— The data —
+ + +
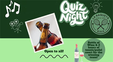 NERJA – In het restaurant van het tennis- en paddlepark La Raqueta aan de N-340 in Nerja (bovenaan de afslag naar Playa Burriana) staat woensdagavond 26 november een zogeheten quiz-night op het programma.
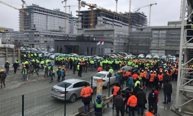 İstanbul İkitelli’de yapımı devam eden Başakşehir Şehir Hastanesi'nde çalışan yaklaşık 4 bin işçi şantiyede çıkan yemekleri ve kötü çalışma koşullarını protesto etmek amacıyla geçtiğimiz günlerde eylem başlattı.
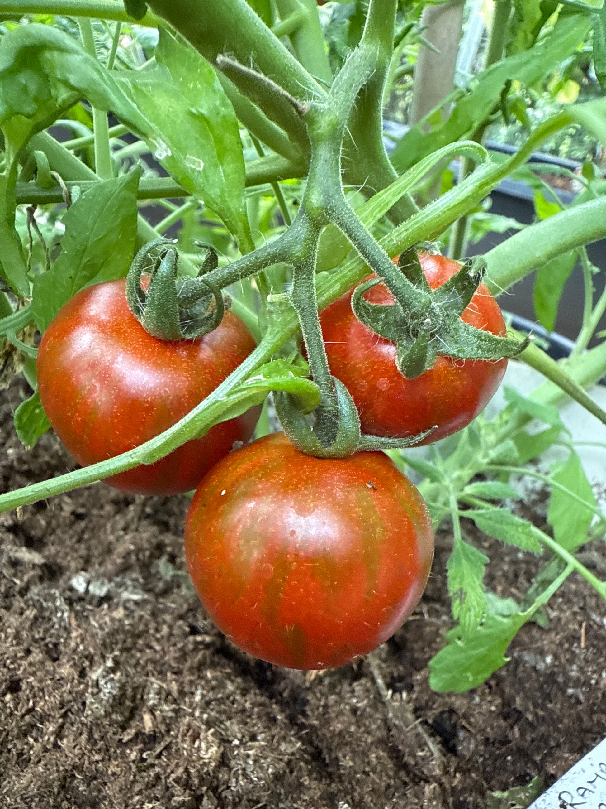 Kraftige planter som vokser opptil 60 cm. Produserer iøynefallende grønn-rød-stripete, store cherrytomater. Hver frukt veier rundt 30-40 gram.
+ + +
— The task —
Write out, with no pictures, only the lines from the line containing "İstanbul İkitelli’de yapımı" through the last line of the listing above, exactly and with both ends included.

— Task response —
 İstanbul İkitelli’de yapımı devam eden Başakşehir Şehir Hastanesi'nde çalışan yaklaşık 4 bin işçi şantiyede çıkan yemekleri ve kötü çalışma koşullarını protesto etmek amacıyla geçtiğimiz günlerde eylem başlattı.
 Kraftige planter som vokser opptil 60 cm. Produserer iøynefallende grønn-rød-stripete, store cherrytomater. Hver frukt veier rundt 30-40 gram.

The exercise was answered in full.